A developer guide for creating, importing, exporting, and modifying metadata fields via the Python SDK.
Here, we show how to use the Python SDK to create, manage, and work with metadata fields.
A Python tutorial demonstrates many of the tasks discussed below.
Metadata types
Custom metadata fields must be one of the following data types:
- String
- Number
- DateTime
- Enum
To learn more, see the Python tutorial.
Reserved fields
The following fields names are reserved and cannot be used as custom metadata field names:
tag
split
captureDateTime
embedding
To learn more, see the Python tutorial.
Construct metadata fields
To construct a metadata field, you must provide the Schema ID for the field and the value that will be uploaded. You can do this in two ways:
- Option 1: Specify the metadata using the DataRowMetadataField object (comes with validation for metadata fields)
- Option 2: Specify the metadata fields in dictionary format without declaring the DataRowMetadataField objects
The Metadata value
attribute should not be null
.
metadata_fields = []
## Construct a metadata field of string kind
tag_schema = metadata_ontology.get_by_name("tag")
tag_metadata_field = DataRowMetadataField(
schema_id=tag_schema.uid, # specify the schema id
value="tag_string", # typed inputs
)
metadata_fields.append(tag_metadata_field)
# Construct an metadata field of datetime
datetime_schema = metadata_ontology.get_by_name("captureDateTime")
capture_datetime_field = DataRowMetadataField(
name=datetime_schema.name, # specify the schema id
value=datetime.datetime.utcnow(), # typed inputs
)
metadata_fields.append(capture_datetime_field)
# # Construct a metadata field of Enums options.

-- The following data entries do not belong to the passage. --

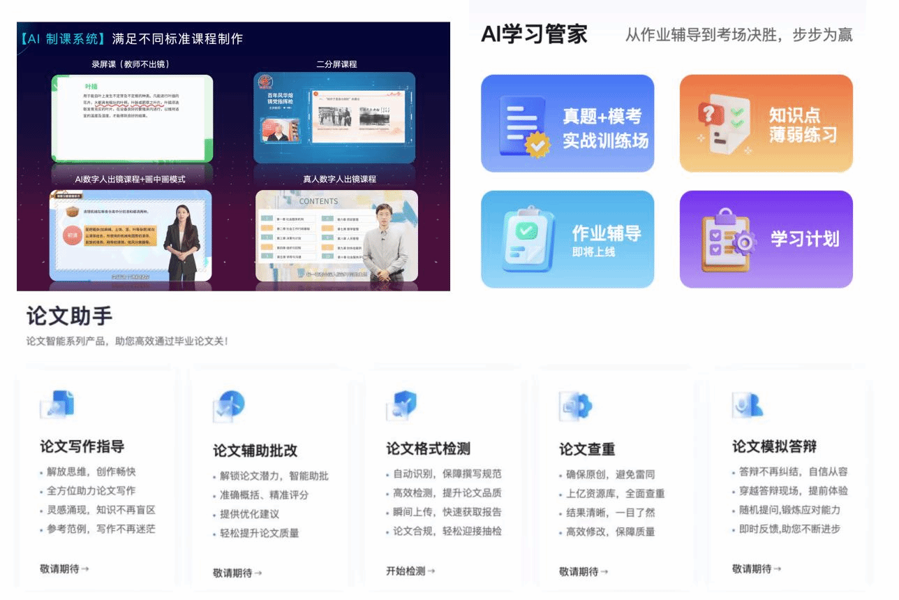 为进一步强化成人学历继续教育办学内涵,持续提升教学质量与服务水平,继续教育学院以人工智能技术为支撑,从课程教学、学习支持、学术服务三个维度着力优化成人学历继续教育教学与服务模式。一是构建AI成教课程体系,结合成人学习者的学习特点、职业需求及认知规律,依托AI技术精准匹配课程内容,优化课程结构,打破传统教学的时空限制,让学习更具针对性和灵活性;二是打造AI智能复习辅助功能,利用AI算法精准分析学习者的知识薄弱点,推送个性化复习资料、模拟习题,助力学习者高效备考、夯实知识基础;三是提供AI论文辅导与校验服务,通过AI技术为学习者提供论文选题指导、框架梳理、语法校验等支持,帮助学习者提升论文写作质量,规范学术表达。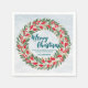 Elegant Red Wreath Holly Berries Gold merry Xmas Napkin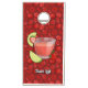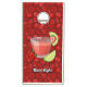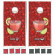 A glass of strawberry daiquiri with garnish. Seamless red background. Custom team name on each cornhole.

You can import multiple options.
test_schema = metadata_ontology.get_by_name("split")["test"]
test_schema_field = DataRowMetadataField(
schema_id=test_schema.parent, # specify the schema id
value=test_schema.uid, # typed inputs
)
metadata_fields.append(test_schema_field)

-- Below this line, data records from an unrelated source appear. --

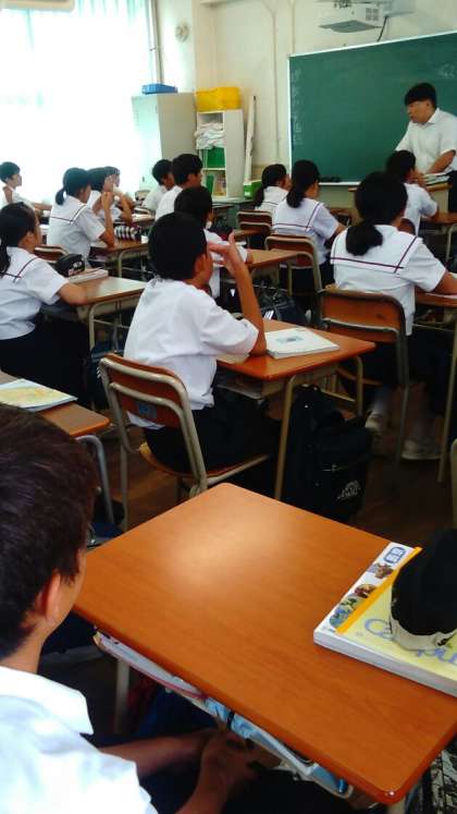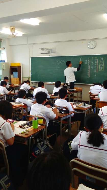 1年4組の国語、1年1組の社会の時間です。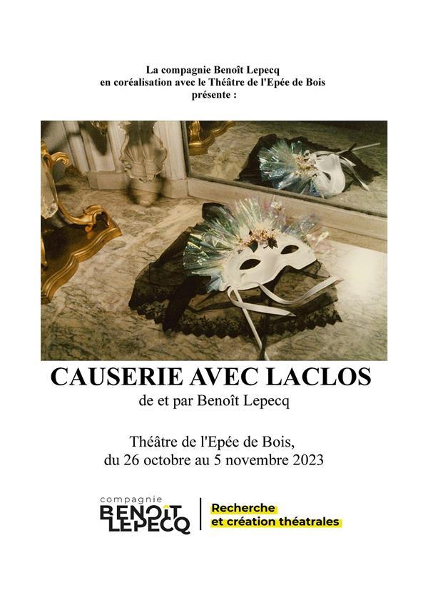C’est donc d’après les chants VII et VIII du Purgatoire de Dante, dans la Divine Comédie, qu’est venue l’idée de Causerie avec Laclos. Le texte se présente comme un poème en prose centré sur un dialogue entre Valmont et Laclos. La dialectique entre le personnage et son auteur permet une réflexion méta-théâtrale nourrie des Liaisons dangereuses.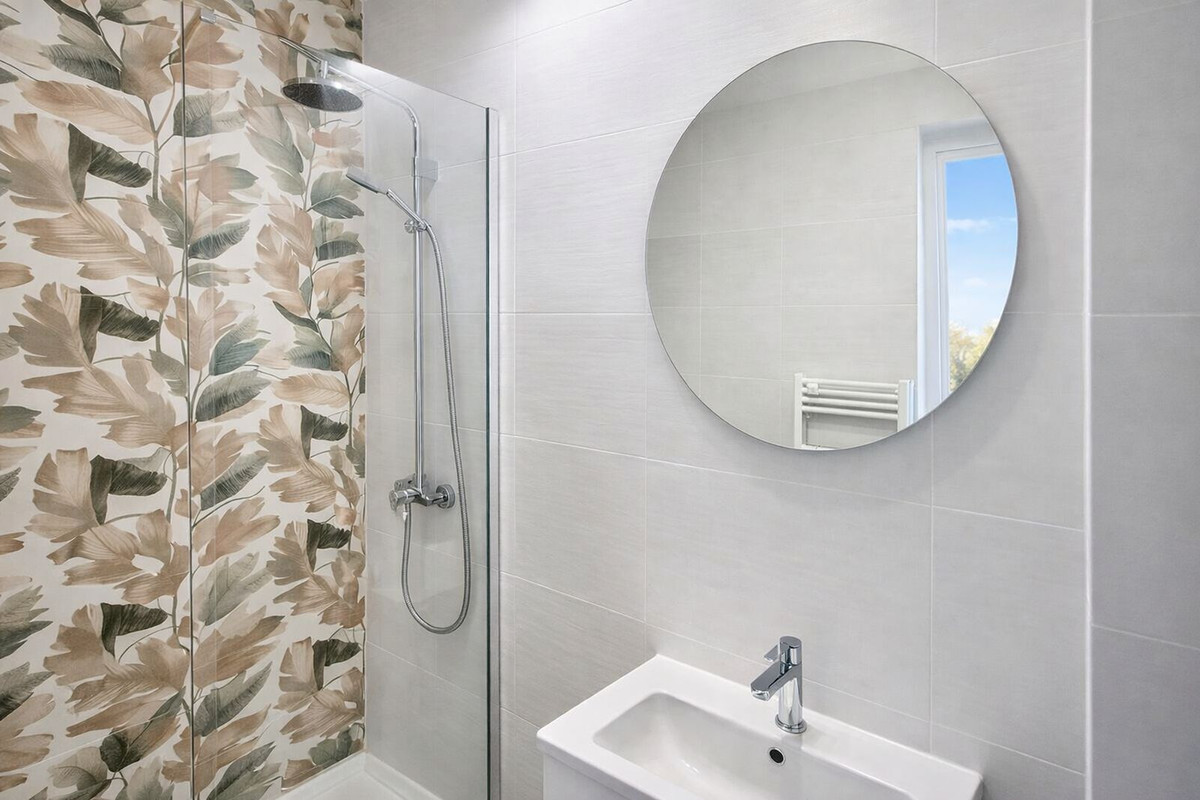The property has been completely refurbished with contemporary finishes, including new windows, modern flooring, a redesigned kitchen, and air conditioning, offering a bright, comfortable, and efficient living space. The open-plan kitchen connects seamlessly with the living room, creating the perfect environment for everyday living or entertaining guests.

valid_schema = metadata_ontology.get_by_name("split")["valid"]
valid_schema_field = DataRowMetadataField(
schema_id=valid_schema.parent, # specify the schema id
value=valid_schema.uid, # typed inputs
)
metadata_fields.append(valid_schema_field)
metadata_fields = []
## Construct a metadata field of string kind
tag_schema = metadata_ontology.get_by_name("tag")
metadata_fields.append({"name": tag_schema.name, "value": "tag_value"})
# Construct an metadata field of datetime
datetime_schema = metadata_ontology.get_by_name("captureDateTime")
metadata_fields.append({"name": datetime_schema.name, "value": datetime.datetime.utcnow()})
## Construct a metadata field of Enums options. You can import multiple options.
train_schema = metadata_ontology.get_by_name("split")["valid"]
metadata_fields.append({"schema_id": train_schema.parent, "value": train_schema.uid})
test_schema = metadata_ontology.get_by_name("split")["test"]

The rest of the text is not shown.